Business Intelligence a Major Post-Y2K Thrust, Surveys Confirm

As the IT world recovers from the impact of Y2K, business intelligence/data warehouse implementations rank on the top of many AS/400 agendas. Recent surveys confirm the size of the growing market for storing and retrieving customer information.

Overall, the worldwide market for business intelligence and data warehousing is expected to grow at a rate of 43 percent over the next four years, a recent survey by Survey.com Inc. (Silicon Valley, Calif.) finds. The worldwide market will grow to $148.5 billion by 2003, of which half will be North American implementations. The business intelligence/data warehouse market consists of systems, storage solution, packaged applications, services and in-house expenditures. The greatest expenditures will come from in-house and storage spending.

By 2003, the systems component alone will comprise a $13 billion market, of which $1.4 billion will be OS/400-based implementations, according to Survey.com. In fact, the OS/400 portion of the market is expected to more than quadruple in size over the next four years. Unix, the dominant business intelligence/warehouse platform at this time, will continue to maintain the greatest market share, with Windows NT/2000 rapidly catching up.

In the area of storage, the study measures usable data currently and planned-for storage in data warehouses. By 2003, the market for very large warehouses (more than two terabytes) will have grown six-fold, from $1 billion to $6 billion. IBM continues to heavily promote the AS/400 as a business intelligence/data warehouse platform. The new 740 processor, capable of storing up to 128TB of data in a clustered environment, is being touted as a business intelligence solution. The new two-way AS/400e server 170 is targeted at smaller businesses.

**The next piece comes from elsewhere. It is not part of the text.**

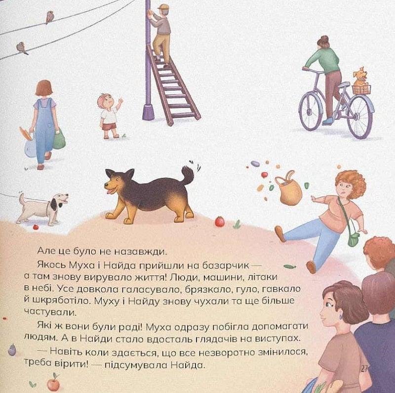 Це тепла і водночас щемка історія про двох київських безпритульних собачок — Муху та Найду, чий день минає між випадковими опасностями та рідкісними проявами людської доброти. Заснована на реальних подіях, книга відкриває дітям молодшого шкільного віку світ тварин очима самих тварин, навчатиме співчуттю, чуйності й ответственности. Маленькі читачі зможуть дізнатися про власні переживання — самотність, страх, невідомість — які багато хто відчував під час пандемії чи після початку війни. Наприкінці видання на них чекають практичні поради, як допомагати «мухам» та «найдам» у реальній житті — тим, хто живе біля під’їздів, ринків чи станцій метро. Авторка та ілюстраторка книжки — волонтерка, яка особисто знає прототипів героїнь, тож читачі побачать не лише художні образи, а й світлини справжніх собачок, з яких народився цей зворушливий розповідь.

Database management systems will continue to be the leading technology in terms of packaged applications targeted at business intelligence, the survey reveals. Sales in this market are expected to grow from $0.8 billion in 1998 to $4 billion by 2003. IBM is targeting this sector with DB2 Universal Database for AS/400--released this year--that supports the storing, managing and indexing of binary objects such as spreadsheets, word processing documents and multimedia objects.

The most popular schema--encompassing 37 percent of the market--utilizes a large central data warehouse that feeds several smaller data warehouses or marts, Survey.com finds. Another 30 percent of the market will consist of distributed business intelligence/data warehouse systems, comprised of physically separate systems.

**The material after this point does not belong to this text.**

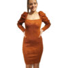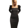 Φόρεμα Πλεκτό Mini Εκρού, σε Ίσια Γραμμή, με Balloon Μακρύ Μανίκι,

Growth in the Business Intelligence/Data Warehousing Market--By Platform
(In billions of dollars)
Platform19982003
Unix$1.5$5.9
Windows NT$0.4$4.3
OS/400$0.3$1.4
OS/390, MVS$0.5$1.0
Other$0.1$0.4
Source: Survey.com
A recent study by ShowCase Corp. (Rochester, Minn.) confirms a strong demand over the coming year for Web-based business intelligence solutions among AS/400 sites. ShowCase found that 93 percent of its customers intend to expand their use of business intelligence next year and that 79 percent plan to implement Web-based business intelligence solutions to deliver critical information throughout the enterprise and beyond. Much of this growth will be driven by e-business requirements related to customer relationship, supply chain, and financial data management, says Ken Holec, CEO and president of ShowCase.

More than 8,000 customers bought new AS/400 servers for data warehouses and data mining applications in 1998, according to Ben Barnes, general manager for IBM's global intelligence solutions. In September, IBM kicked off a "Fast Start" program to deliver complete BI solutions to small and medium businesses running AS/400s, RS/6000s, or Netfinity servers, for a price starting at $60,000. In addition, IBM recently launched an AS/400 Business Intelligence Smart Start program, targeted at application providers in this space.